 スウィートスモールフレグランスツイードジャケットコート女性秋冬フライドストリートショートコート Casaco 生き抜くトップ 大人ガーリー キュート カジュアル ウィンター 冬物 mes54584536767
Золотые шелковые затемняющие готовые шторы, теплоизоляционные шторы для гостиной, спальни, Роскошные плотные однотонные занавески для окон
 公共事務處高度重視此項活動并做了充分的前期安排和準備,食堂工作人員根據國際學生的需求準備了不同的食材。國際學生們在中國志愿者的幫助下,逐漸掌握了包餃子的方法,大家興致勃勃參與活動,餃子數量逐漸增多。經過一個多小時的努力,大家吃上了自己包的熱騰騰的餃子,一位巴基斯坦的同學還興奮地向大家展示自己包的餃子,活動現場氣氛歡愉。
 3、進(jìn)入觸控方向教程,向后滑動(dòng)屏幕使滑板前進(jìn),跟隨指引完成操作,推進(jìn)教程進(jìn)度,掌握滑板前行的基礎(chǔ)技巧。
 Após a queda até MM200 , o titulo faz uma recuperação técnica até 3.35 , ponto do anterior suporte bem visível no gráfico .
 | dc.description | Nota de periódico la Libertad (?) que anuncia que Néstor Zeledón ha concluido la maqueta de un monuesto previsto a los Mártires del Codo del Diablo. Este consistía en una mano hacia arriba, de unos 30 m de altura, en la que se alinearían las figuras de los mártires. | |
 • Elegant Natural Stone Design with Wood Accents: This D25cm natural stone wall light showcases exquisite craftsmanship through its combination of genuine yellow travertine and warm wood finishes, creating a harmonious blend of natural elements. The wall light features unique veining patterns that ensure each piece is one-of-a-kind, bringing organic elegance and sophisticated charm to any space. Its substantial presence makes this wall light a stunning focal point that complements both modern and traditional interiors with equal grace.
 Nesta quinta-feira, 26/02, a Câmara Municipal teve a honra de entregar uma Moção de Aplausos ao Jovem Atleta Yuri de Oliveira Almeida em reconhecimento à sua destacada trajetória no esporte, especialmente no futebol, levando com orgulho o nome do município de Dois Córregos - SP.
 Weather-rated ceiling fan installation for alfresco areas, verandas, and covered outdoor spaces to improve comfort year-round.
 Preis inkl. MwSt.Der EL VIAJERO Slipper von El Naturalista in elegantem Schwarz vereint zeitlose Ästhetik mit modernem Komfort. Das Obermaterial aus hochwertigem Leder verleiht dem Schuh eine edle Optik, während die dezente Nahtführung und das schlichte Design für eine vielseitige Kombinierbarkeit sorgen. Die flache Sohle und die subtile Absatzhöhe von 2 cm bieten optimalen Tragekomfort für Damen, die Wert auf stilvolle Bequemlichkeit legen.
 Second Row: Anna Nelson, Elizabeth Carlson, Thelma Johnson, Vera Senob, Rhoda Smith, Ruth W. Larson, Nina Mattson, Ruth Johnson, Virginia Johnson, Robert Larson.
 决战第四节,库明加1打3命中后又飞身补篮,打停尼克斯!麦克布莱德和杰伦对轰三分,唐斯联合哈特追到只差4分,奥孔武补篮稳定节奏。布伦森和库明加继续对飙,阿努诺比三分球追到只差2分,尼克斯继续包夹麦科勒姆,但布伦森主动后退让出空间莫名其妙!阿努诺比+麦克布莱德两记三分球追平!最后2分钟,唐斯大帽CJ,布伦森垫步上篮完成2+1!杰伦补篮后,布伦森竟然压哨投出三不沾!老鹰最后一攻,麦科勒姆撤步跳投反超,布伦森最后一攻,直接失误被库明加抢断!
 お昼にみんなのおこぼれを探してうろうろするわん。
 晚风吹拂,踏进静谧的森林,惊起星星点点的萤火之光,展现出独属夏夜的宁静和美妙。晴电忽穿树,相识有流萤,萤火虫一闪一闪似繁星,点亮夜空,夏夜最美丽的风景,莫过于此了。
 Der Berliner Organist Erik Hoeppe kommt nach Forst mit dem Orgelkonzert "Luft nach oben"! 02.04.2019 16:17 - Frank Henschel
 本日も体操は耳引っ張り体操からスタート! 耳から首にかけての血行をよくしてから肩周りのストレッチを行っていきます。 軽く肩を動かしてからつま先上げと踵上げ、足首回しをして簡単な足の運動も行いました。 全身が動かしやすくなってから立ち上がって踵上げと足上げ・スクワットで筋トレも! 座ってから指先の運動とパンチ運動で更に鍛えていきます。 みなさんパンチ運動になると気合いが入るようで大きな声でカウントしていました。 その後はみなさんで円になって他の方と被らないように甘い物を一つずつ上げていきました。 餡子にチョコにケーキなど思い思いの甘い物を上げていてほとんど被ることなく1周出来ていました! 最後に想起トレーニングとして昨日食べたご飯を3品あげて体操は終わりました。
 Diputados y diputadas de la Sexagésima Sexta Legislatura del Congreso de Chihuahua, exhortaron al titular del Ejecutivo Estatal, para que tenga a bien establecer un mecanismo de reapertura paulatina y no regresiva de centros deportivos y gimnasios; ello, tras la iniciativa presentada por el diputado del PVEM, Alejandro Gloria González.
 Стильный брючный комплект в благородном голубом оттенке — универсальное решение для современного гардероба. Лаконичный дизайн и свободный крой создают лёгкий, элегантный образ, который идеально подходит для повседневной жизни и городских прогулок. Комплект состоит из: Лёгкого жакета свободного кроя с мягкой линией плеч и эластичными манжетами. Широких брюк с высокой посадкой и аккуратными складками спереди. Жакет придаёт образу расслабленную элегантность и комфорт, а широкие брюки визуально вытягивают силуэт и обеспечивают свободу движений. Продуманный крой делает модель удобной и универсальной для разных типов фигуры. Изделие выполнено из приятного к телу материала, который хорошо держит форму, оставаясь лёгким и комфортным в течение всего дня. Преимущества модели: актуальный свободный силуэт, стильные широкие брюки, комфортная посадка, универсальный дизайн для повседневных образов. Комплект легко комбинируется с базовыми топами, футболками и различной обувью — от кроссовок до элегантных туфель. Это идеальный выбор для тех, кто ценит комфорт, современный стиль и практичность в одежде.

+++

- TASK PROMPT
Looking at the entries above, can you reproduce exactly the lines from the one that holds "Preis inkl. MwSt.Der" through the one that holds "Diputados y diputadas", and only those?

- THE COMPLETED TASK
 Preis inkl. MwSt.Der EL VIAJERO Slipper von El Naturalista in elegantem Schwarz vereint zeitlose Ästhetik mit modernem Komfort. Das Obermaterial aus hochwertigem Leder verleiht dem Schuh eine edle Optik, während die dezente Nahtführung und das schlichte Design für eine vielseitige Kombinierbarkeit sorgen. Die flache Sohle und die subtile Absatzhöhe von 2 cm bieten optimalen Tragekomfort für Damen, die Wert auf stilvolle Bequemlichkeit legen.
 Second Row: Anna Nelson, Elizabeth Carlson, Thelma Johnson, Vera Senob, Rhoda Smith, Ruth W. Larson, Nina Mattson, Ruth Johnson, Virginia Johnson, Robert Larson.
 决战第四节,库明加1打3命中后又飞身补篮,打停尼克斯!麦克布莱德和杰伦对轰三分,唐斯联合哈特追到只差4分,奥孔武补篮稳定节奏。布伦森和库明加继续对飙,阿努诺比三分球追到只差2分,尼克斯继续包夹麦科勒姆,但布伦森主动后退让出空间莫名其妙!阿努诺比+麦克布莱德两记三分球追平!最后2分钟,唐斯大帽CJ,布伦森垫步上篮完成2+1!杰伦补篮后,布伦森竟然压哨投出三不沾!老鹰最后一攻,麦科勒姆撤步跳投反超,布伦森最后一攻,直接失误被库明加抢断!
 お昼にみんなのおこぼれを探してうろうろするわん。
 晚风吹拂,踏进静谧的森林,惊起星星点点的萤火之光,展现出独属夏夜的宁静和美妙。晴电忽穿树,相识有流萤,萤火虫一闪一闪似繁星,点亮夜空,夏夜最美丽的风景,莫过于此了。
 Der Berliner Organist Erik Hoeppe kommt nach Forst mit dem Orgelkonzert "Luft nach oben"! 02.04.2019 16:17 - Frank Henschel
 本日も体操は耳引っ張り体操からスタート! 耳から首にかけての血行をよくしてから肩周りのストレッチを行っていきます。 軽く肩を動かしてからつま先上げと踵上げ、足首回しをして簡単な足の運動も行いました。 全身が動かしやすくなってから立ち上がって踵上げと足上げ・スクワットで筋トレも! 座ってから指先の運動とパンチ運動で更に鍛えていきます。 みなさんパンチ運動になると気合いが入るようで大きな声でカウントしていました。 その後はみなさんで円になって他の方と被らないように甘い物を一つずつ上げていきました。 餡子にチョコにケーキなど思い思いの甘い物を上げていてほとんど被ることなく1周出来ていました! 最後に想起トレーニングとして昨日食べたご飯を3品あげて体操は終わりました。
 Diputados y diputadas de la Sexagésima Sexta Legislatura del Congreso de Chihuahua, exhortaron al titular del Ejecutivo Estatal, para que tenga a bien establecer un mecanismo de reapertura paulatina y no regresiva de centros deportivos y gimnasios; ello, tras la iniciativa presentada por el diputado del PVEM, Alejandro Gloria González.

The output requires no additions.